Jamal Khashoggi never intended to be a dissident. For many years, he wrote for and edited newspapers in Saudi Arabia, and he served as an aide in Saudi embassies in Washington and London. What prompted him to leave the kingdom, and to begin writing columns for The Washington Post, was the sharp increase in domestic repression under Crown Prince Mohammed bin Salman – the “fear, intimidation, arrests and public shaming of intellectuals and religious leaders who dare to speak their minds,” as Khashoggi put it in his first Post op-ed, in September 2017.

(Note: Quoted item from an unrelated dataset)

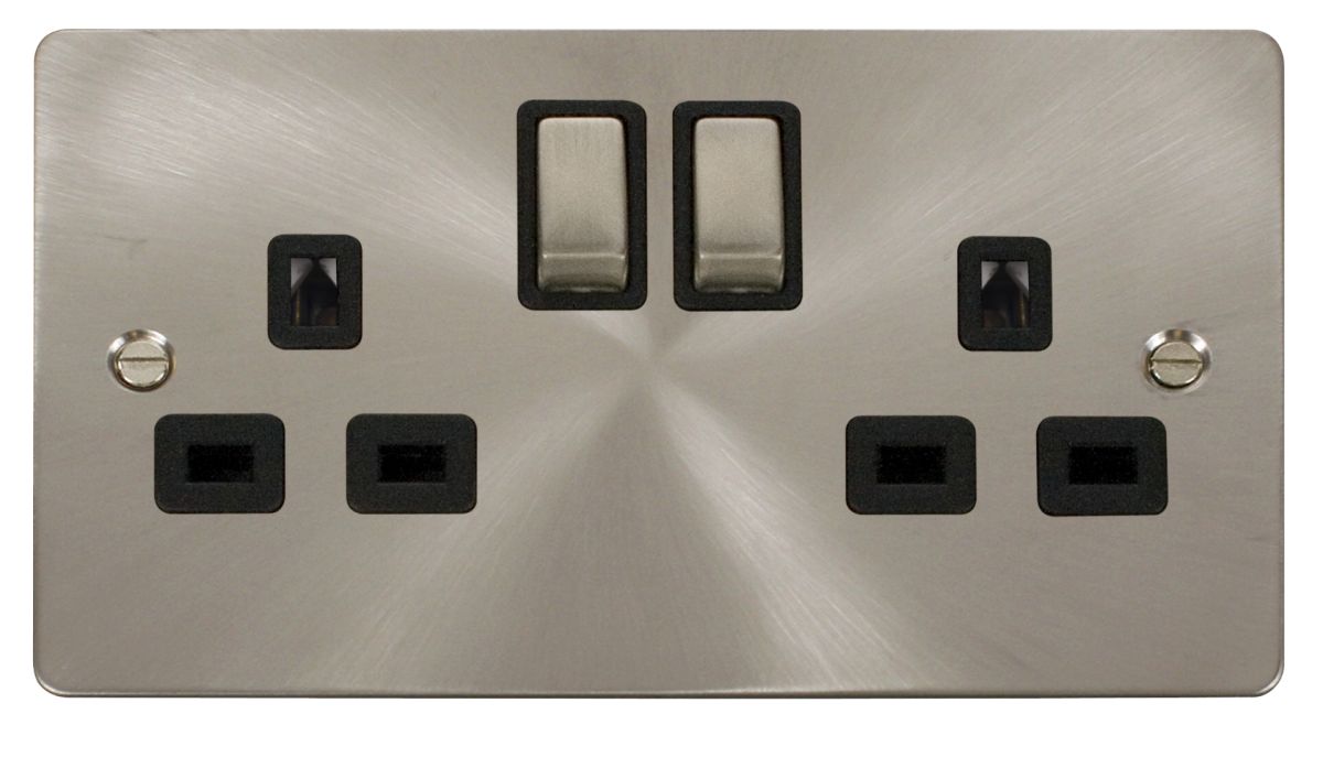 Click FPBS1536BK Socket 2 Gang Double Pole 13A BS/Black

For the next year, the then-58-year-old journalist jousted with the then-32-year-old Saudi ruler in the pages of The Post and on the internet, where Khashoggi was assailed by the troll army controlled by Mohammed bin Salman’s top aide. Khashoggi challenged the crown prince not just on his persecution of critics, which he described as bound to undermine the new regime’s ambitions to modernize and revitalize the country. His columns also argued against Mohammed bin Salman’s reckless regional agenda – especially the war in Yemen, which the crown prince had launched while serving as defense minister. Khashoggi denounced the attempt to suppress democracy and free expression throughout the Middle East and to exclude Islamist parties from politics – a drive that was largely sponsored by Saudi Arabia and the United Arab Emirates.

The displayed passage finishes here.